I found that in some answers they recommended using
lower = (some_var << 32) >> 32;
But I tested and found the following is faster:
lower = some_var & 0xffffffff;
So which is better? Is the former safer in some cases or faster after compiler optimized?
A 32 bit Signed Integer can house a number from −2,147,483,648 to 2,147,483,647 Unsigned: 0 to 4,294,967,295. A 64 bit Signed Integer can house a number from −9,223,372,036,854,775,808 to 9,223,372,036,854,775,807 Unsigned: 0 to 18,446,744,073,709,551,615.
A 32-bit number can store 2^32 values, or 4,294,967,296. Meanwhile, a 64-bit number has 2^64 possible values, or a staggering 18,446,744,073,709,551,616.
An unsigned integer is a 32-bit datum that encodes a nonnegative integer in the range [0 to 4294967295]. The signed integer is represented in twos complement notation.
Masking with &
is better:
&
is reliable for signed and unsigned some_var
, while bitshifting right a negative number produces an implementation defined result:The value of E1 >> E2 is E1 right-shifted E2 bit positions. [...] If E1 has a signed type and a negative value, the resulting value is implementation-defined.

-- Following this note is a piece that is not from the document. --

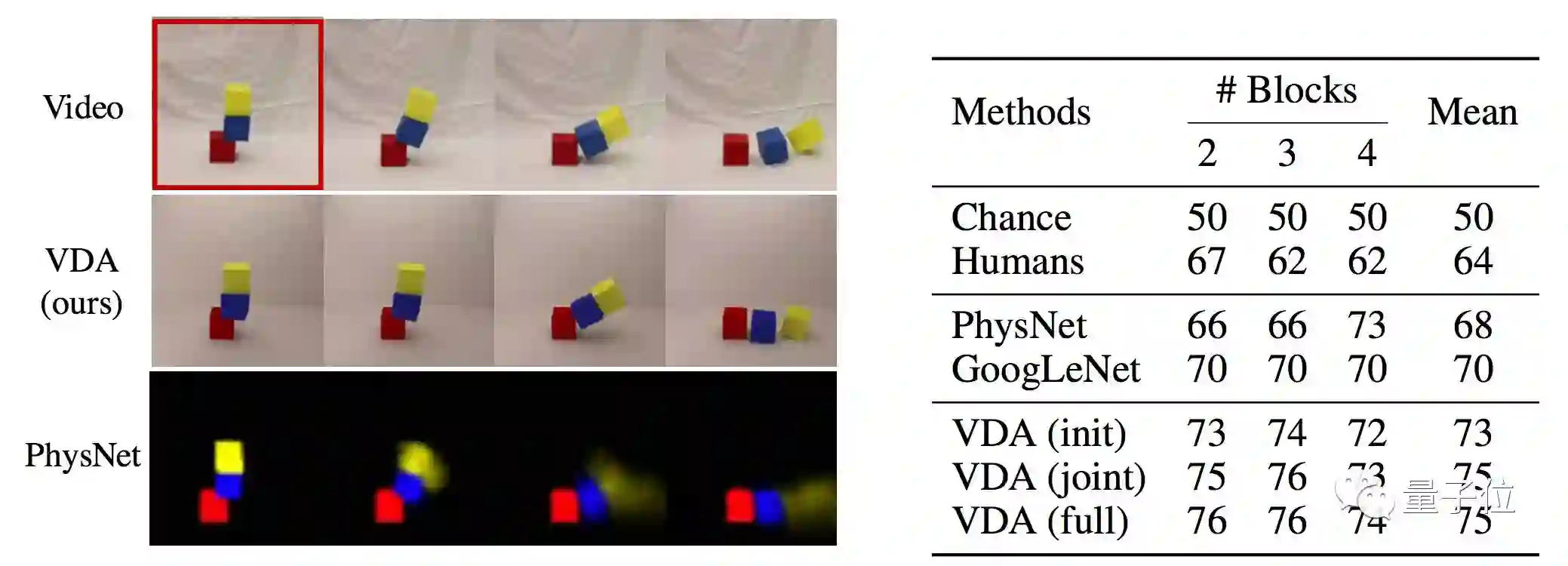 其一,是估计台球的运行速度,并据此预测台球(们)发生撞击后,后续的运动情况。其二,是分析堆叠的方块静态图,并据此判断这堆方块是否会掉落,以及会落在何处?

The one disadvantage of masking is that it's relatively easy to accidentally have 7 or 9 F
s, whereas a typo in 32
is obvious: there are other ways to generate the masking value though, e.g. (1LL<<32)-1
, or the hackish but somehow elegant uint32_t(-1)
.
Of course, if lower
is uint32_t
and some_var
uint64_t
, you can just let the conversion be implicit, so the optimiser doesn't even need to realise the bitwise-AND can be removed before assignment, but that might give you a compiler warning, which you can silence ala...
uint32_t lower = static_cast<uint32_t>(some_var);
The masking is mainly useful when assigning to another uint64_t
, or when the mask isn't for all the 32 least significant bits.
The masking with AND is better since it doesn't depend on the signedness of the value.
But the most efficient way to take the lower 32 bit is to assign it to a 32-bit variable.
uint64_t u = 0x1122334455667788;
uint32_t n;
n = static_cast<uint32_t>(u); // 0x55667788
The difference to a bit-wise AND is that the CPU just takes the lower part without doing any logical operation.
If you have a 32-bit CPU it just ignores the upper value stored in a second register or memory place.
If you have a 64-bit CPU it has a single instruction to extend (unsigned) a 32 bit value to 64 bit value.
A good optimizer would generate the same code in both cases. To me this is the most straight forward method: lower = some_var & 0xffffffff;
The other form may generate unnecessary shiftage.
Sometimes I use union to overlap variables when I want to be absolutely sure the compiler doesn't mess things up.
For example:
typedef union {
int64 QWORD;
int32 DWORD[2];
} overlapper64;
overlapper someVariable;
Then access it as:
someVariable.QWORD;
int32 myVar32 = someVariable.DWORD[0];
Depending on platform/compiler the order in which the overlap occurs may vary. Be sure to test it on your specific platform. In C, I use a bunch of platform specific #ifdefs to control the order automatically.